I mounted the bike and started it with a spark of power, then patted the sleek side with absent fondness. “Let’s find them,” I said. I opened the saddlebag strapped to the side and found men’s clothing, rolled up tightly; the beer bottle with Rashid’s spirit fit nicely inside the curl of a pair of soft blue jeans, and I cushioned it further with a fleece shirt.
Then I eased the Victory out onto the black ribbon of road, and started the ride.
The punishing vibration of the engine felt magically soothing to me, pounding the kinks from knotted muscles and clearing my mind. The wind and rain in my face woke something primal in me, something that thought clearly and coldly about our chances. They were, of course, poor at best. Lewis Orwell himself had admitted that; until the bulk of the Wardens docked from their mission at sea, those of us stranded here were the thinnest possible line of defense. There was no chance we wouldn’t be shattered.
But we had an unexpected, even shocking advantage, if we could actually trap and bottle the Djinn. I’d always loathed that loophole in the freedom and power of my kind, but now I felt grateful for it; without it, the humans wouldn’t stand a chance, and ultimately neither would the Djinn themselves or the Mother. We had to maintain a fragile balance to fight for reason, for peace, and for the defeat of our real enemy: Pearl.
The Mother was experiencing agony and the temporary madness that came of it. If we could soothe her, it would pass. But Pearl… Pearl was a cancer at the very heart of the world, and she had to be burned away.
The bottle in my saddlebags represented a step toward all of that. Perhaps. At the very least, it symbolized a chance we hadn’t had an hour ago.
I saw the white flash of paint ahead on the road, and accelerated around a curve. The truck was just ahead now, climbing a rise. I could catch it in only a moment.
I was still half a mile back when the vehicle made the top of the hill…
… And exploded in a fireball, raining metal and debris into the trees.

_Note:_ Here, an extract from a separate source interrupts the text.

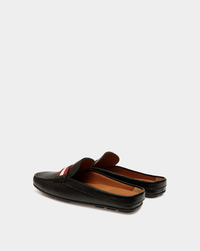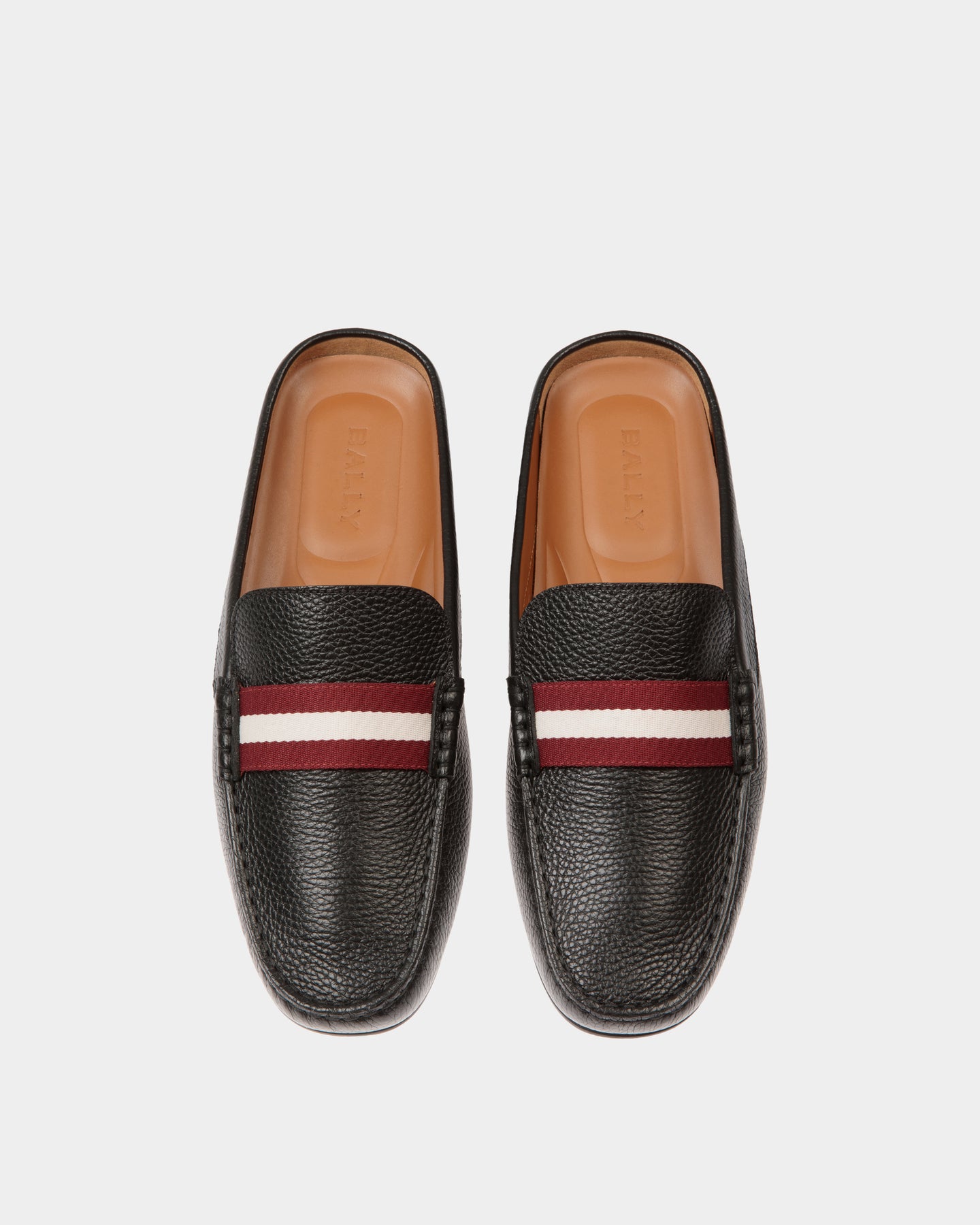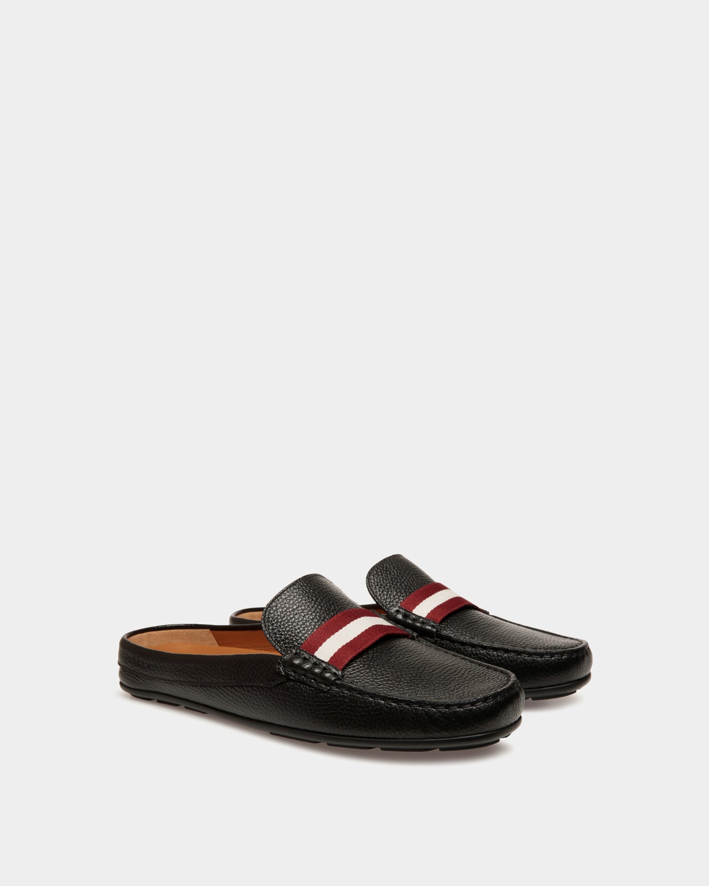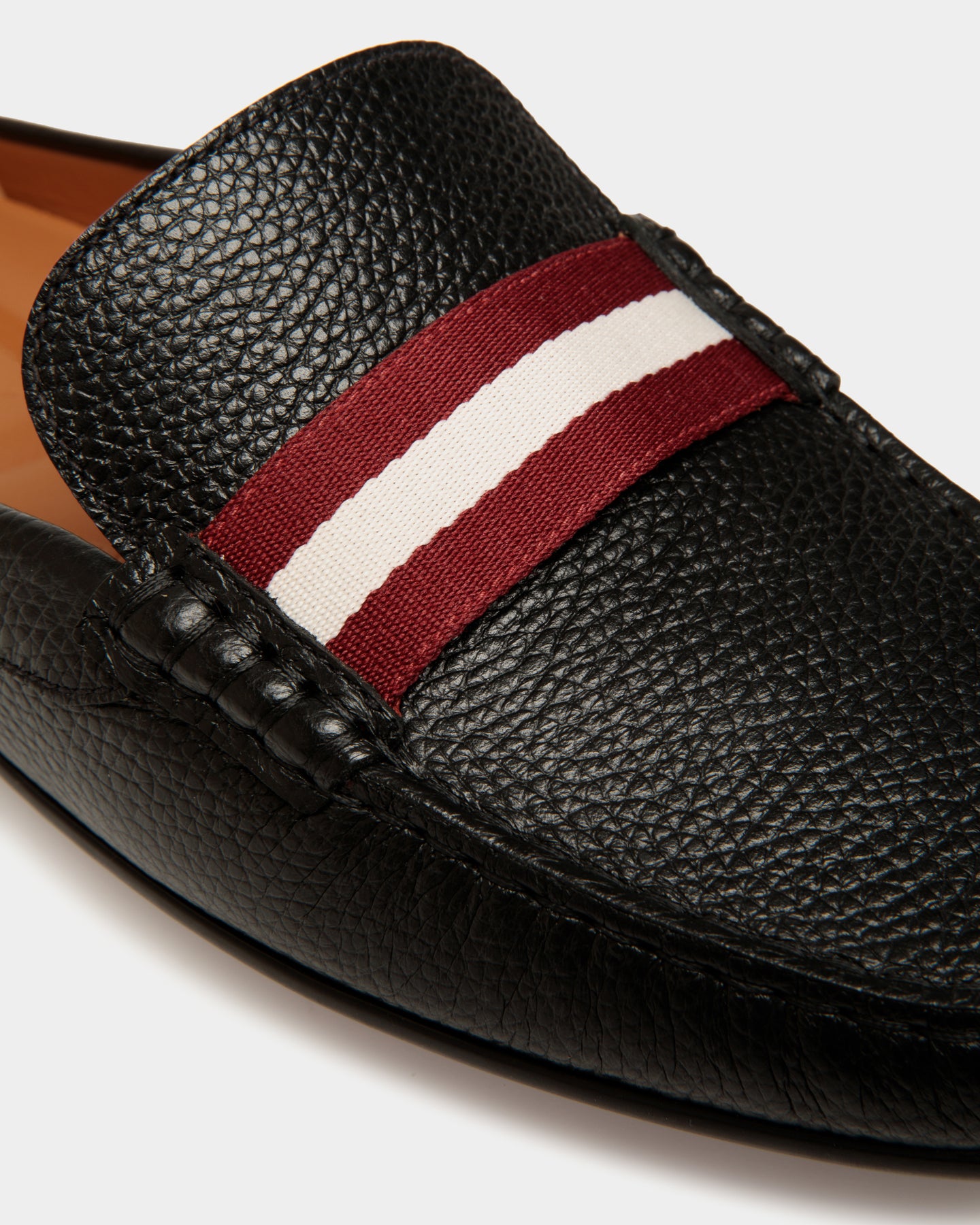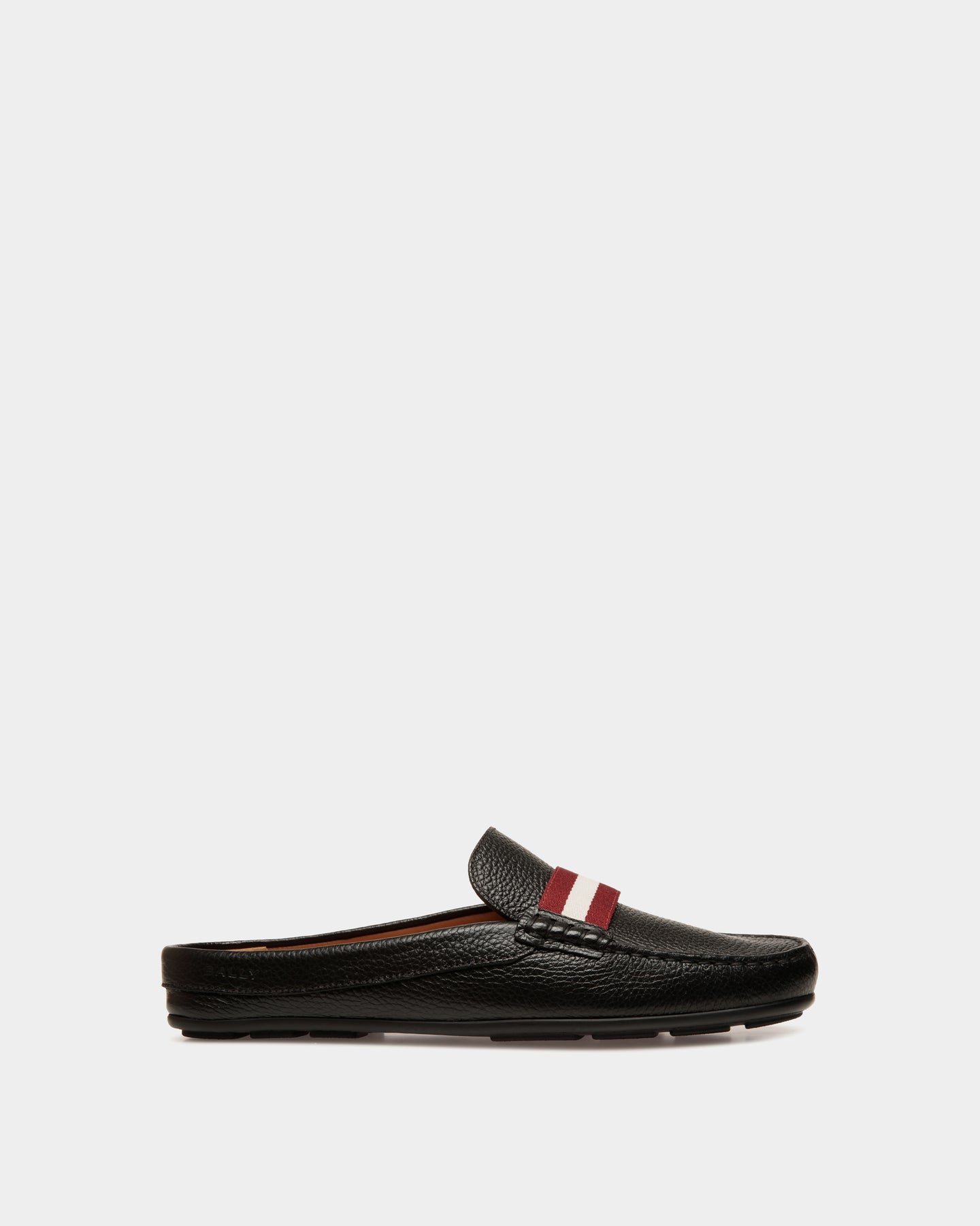 The Clay driver in black grained leather is made for comfort, with a mule silhouette and a split rubber sole. A Bally Ribbon... in red and white crosses the top.

“No!” I screamed. It burst out of me in a fury, ripping a blood path down my nerves and flesh, and I pushed the throttle hard over, heedless of the slick road, the dangers, everything except the burning wreck that was overturned there at the top of the hill.
No one could have survived that.
No one.
I found the first body lying in a burning heap on the side of the road. The pine trees were aflame, and the sound of trees snapping as the sap boiled was like war.